As in her earlier works, which exposed the horrifying effects of war on children, including those forced to become child soldiers, without being in any way didactic or sacrificing the art of storytelling, Lowachee has given us a reading experience par excellence - fully realised and compelling characters, a well-developed and intriguing secondary world, and a riveting story. At the same time she makes us think about the questions of power inequities between peoples, and about what history looks like from the perspective of those who have been deprived of their voice by a dominant culture.

One warning - this is the first volume of an intended trilogy, and so Sjenn's story is incomplete and many questions about the workings of the worlds she lives in remain to be answered. I am hoping that Sjenn's people will escape the fate so many indigenous peoples have faced.

for those interested, there is a good review by Jaymee Goh on tor.com.


Jo Walton, Among Others

I suspect that anyone who reads heavily in the science fiction and fantasy genres who has not heard of this amazing book has been living under a rock at the bottom of the sea on Europa for the past year.

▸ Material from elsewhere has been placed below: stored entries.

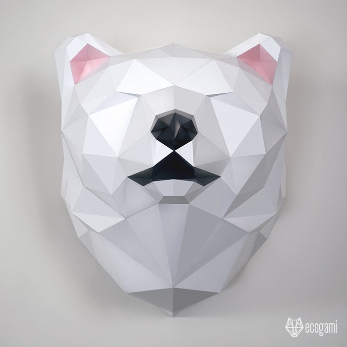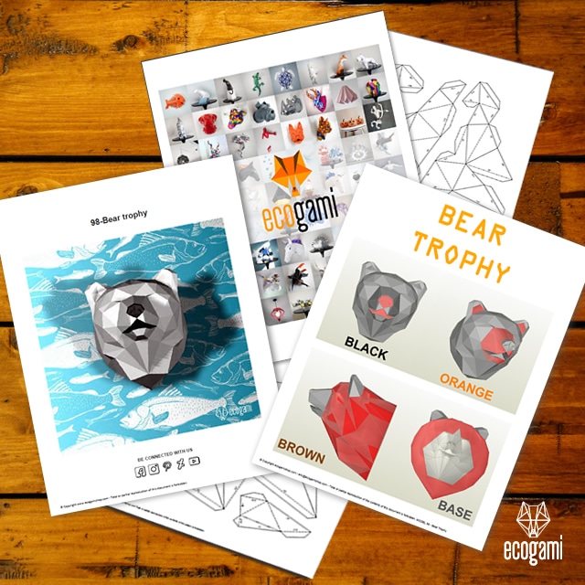 Papercraft tête d'ours murale en origami
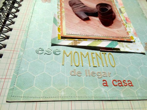 Para hacer las capas de papel debajo de la foto he usado restos de papel que tengo guardados, que siempre me digo "tengo que usar los restos!" pero nunca me acuerdo jajaja Así que esta vez he aprovechado esos trocitos que vamos guardando y, visto el resultado (he quedado muy satisfecha), voy a usarlos más veces para hacer capas y dar un poco de volumen a las páginas, aunque no mucho, que ya sabéis que no quiero que quede muy gordo este... :)
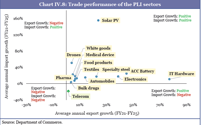 The Survey presents PLI sector trade performance in a four-quadrant matrix based on export and import growth patterns. Across all PLI sectors during FY21-FY25, exports showed an average annual growth rate (AAGR) of 10.6% while imports grew at 12.6%. However, this aggregate masks considerable variation across sectors.
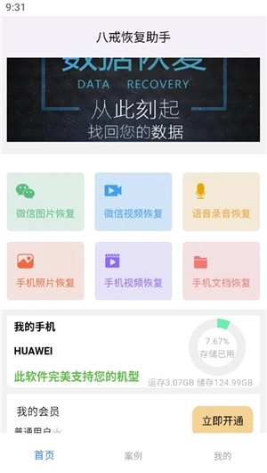 先安裝八戒恢復助手并打開它,在首頁界面,你既可以使用微信圖片、視頻、語音的恢復功能,也能夠還原手機里的照片、文檔以及本地視頻。
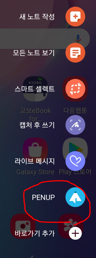 Pen을 꺼내들고, Pen 전용 메뉴를 선택합니다.
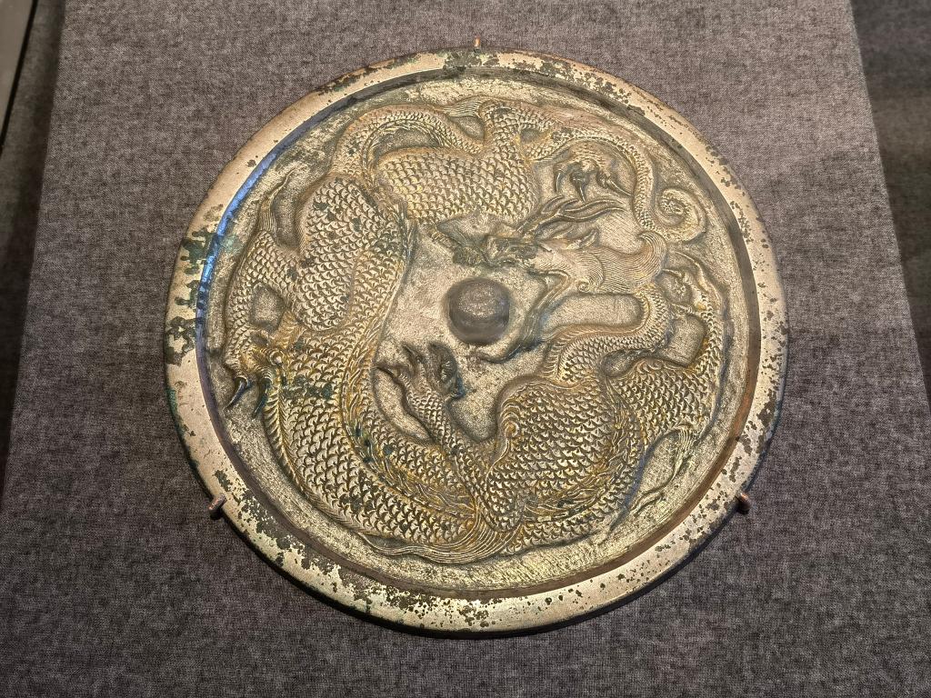特展展出的鎏金盘龙镜。新华社记者 孙少龙 摄
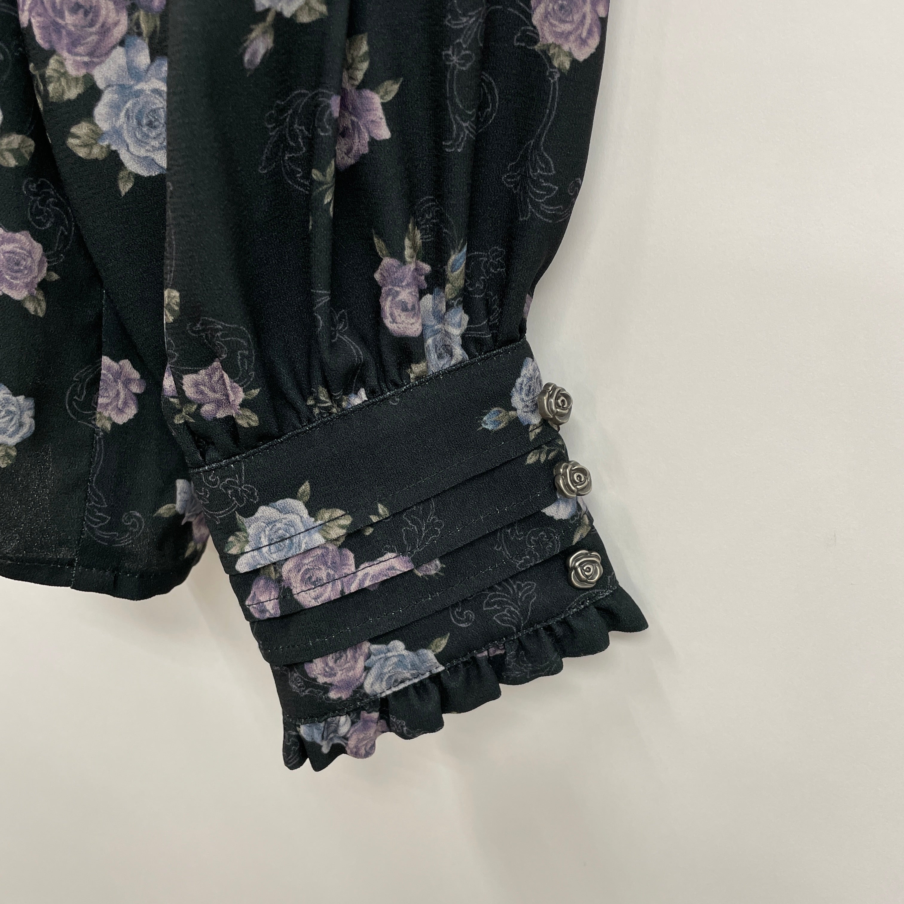 柄に合わせたバラボタンを使用し、クラシックな印象の長めのカフスには、ピンタックとバラボタンをあしらったこだわりのデザイン。
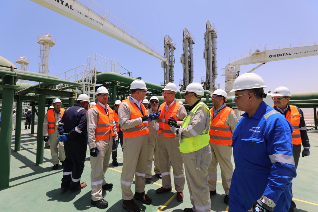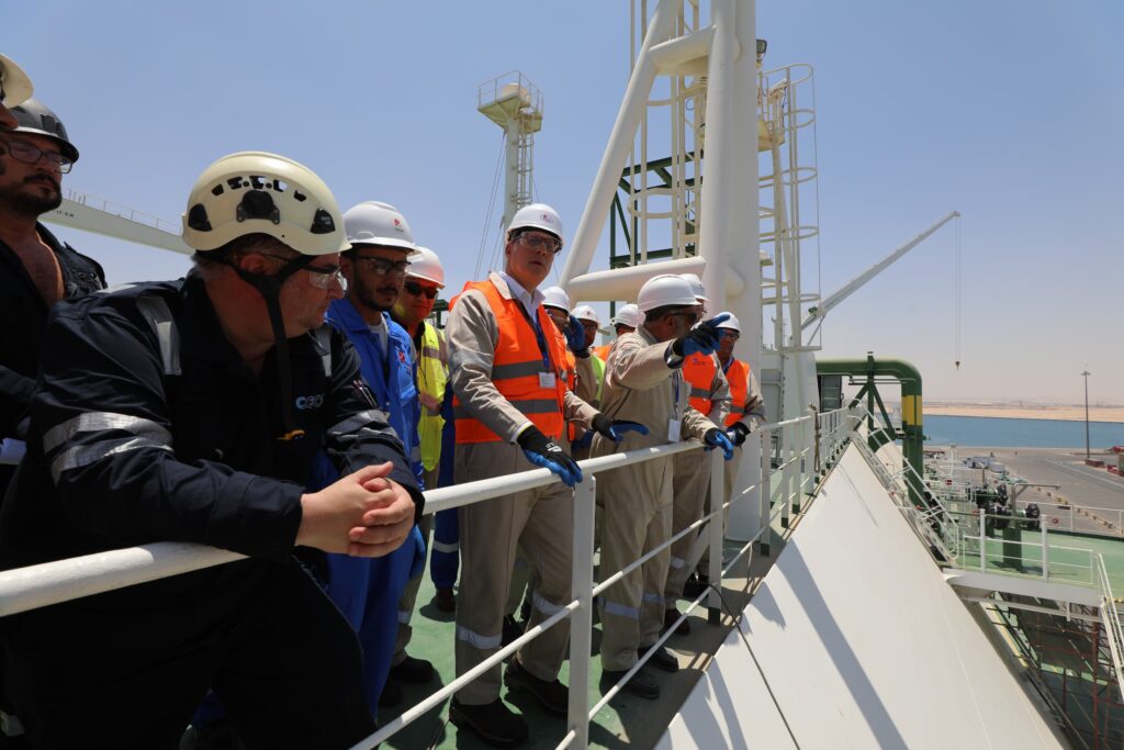 وزير البترول يتفقد موقع استقبال سفينة التغييز الثالثة بميناء العين السخنة يرافقه عدد من قيادات التنفيذية بقطاع البترول
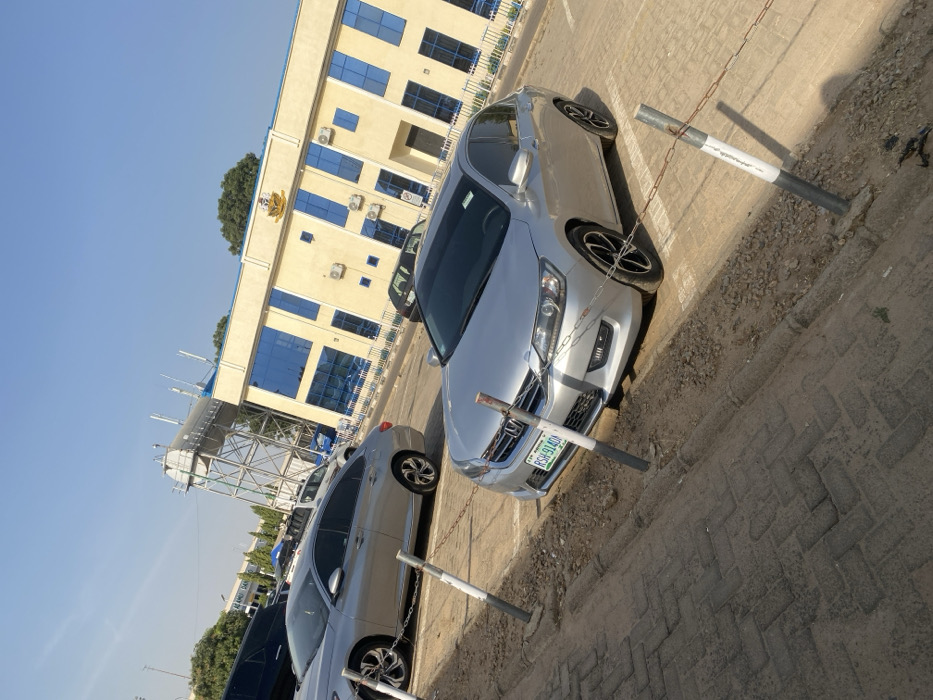 A silver Honda Accord sits parked in a designated area, defined by metal posts connected with chains
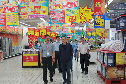 四川省臺辦主任周敏謙(前中)在綿陽臺資企業大潤發超市考察調研。(圖片來源:綿陽市臺辦)
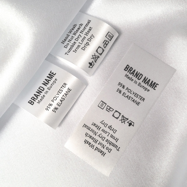 Drabužių skalbimo priežiūros etiketė, pritaikyta skaitmeniniams spausdintiems tekstams ant balto satino, tinka bet kokiam drabužių gaminiui. Šio tipo tekstilės etiketės gaminamos naudojant pažangiausias technologijas skaitmeninės spaudos srityje ant tekstilės atramos. Etiketės spausdinamos ant specialaus satino terminio perdavimo būdu, pasižyminčiu įspūdinga spausdinimo kokybe ir dideliu atsparumu plovimui.

Among Others is told in the format of a personal narrative, the diary of a young girl who has survived traumatic events and has now been taken away from the places and people she knows among her mother's relatives, and placed in the custody of her long-absent father, who promptly sends her to boarding school. The personal, cultural and social gaps between a working class Welsh girl and her mostly upper class English schoolmates, between a withdrawn and bookish girl in love with science fiction and fantasy and the "mundanes" around her, are part of why Mori is constantly "among others." But Mori is also the daughter of a power-mad witch, and she and her twin sister have the power to see the magic and the otherworldly beings that are invisible to most humans - here again Mori is and has long been living among others. (Even further, because the world of humans and the old dwelling places of the fairies are intertwined, it can also be said that human society itself is unknowing conducted among others.)

This book is so rich on so many levels - it's the story of a young girl growing up, dealing with disability and grief and the consequences of a dysfunctional family. It's about the battle between light and dark, the drive for power-over vs the nurturing of power-together. It's about the nature of perception and the power of belief. About finding one's identity and one's own inner power. About the loss of connection and intention in modern society, about the hollowness of work done without emotional investment. About the callous destruction of nature in the service of yet more sterile progress. About the necessity of magic. It is also, in a marvelously self-referential way, about how alternative fiction feeds the minds and souls of people who want to think about and explore all these things, and more.

I cannot recommend this book highly enough.


Kirill Yeskov, The Last Ringbearer (translated by Yisroel Markov)

And speaking of those who have been deprived of their voice by a dominant culture, this very interesting work turns The Lord of the Rings on its head and tells the story of how a society seeking to move toward scientific enlightenment and democratic rule is almost destroyed by a hidebound culture in which power is limited to the few and progress has been stifled, keeping the people in ignorance and thralldom. Following the maxim that history is told - and usually distorted greatly - by the victors, Yeskov takes as his fulcrum the themes of nature vs, industry and magic vs, science that are woven through The Lord of the Rings and valorises the side that Tolkien demonised. A fascinating look at how changing perspective changes everything.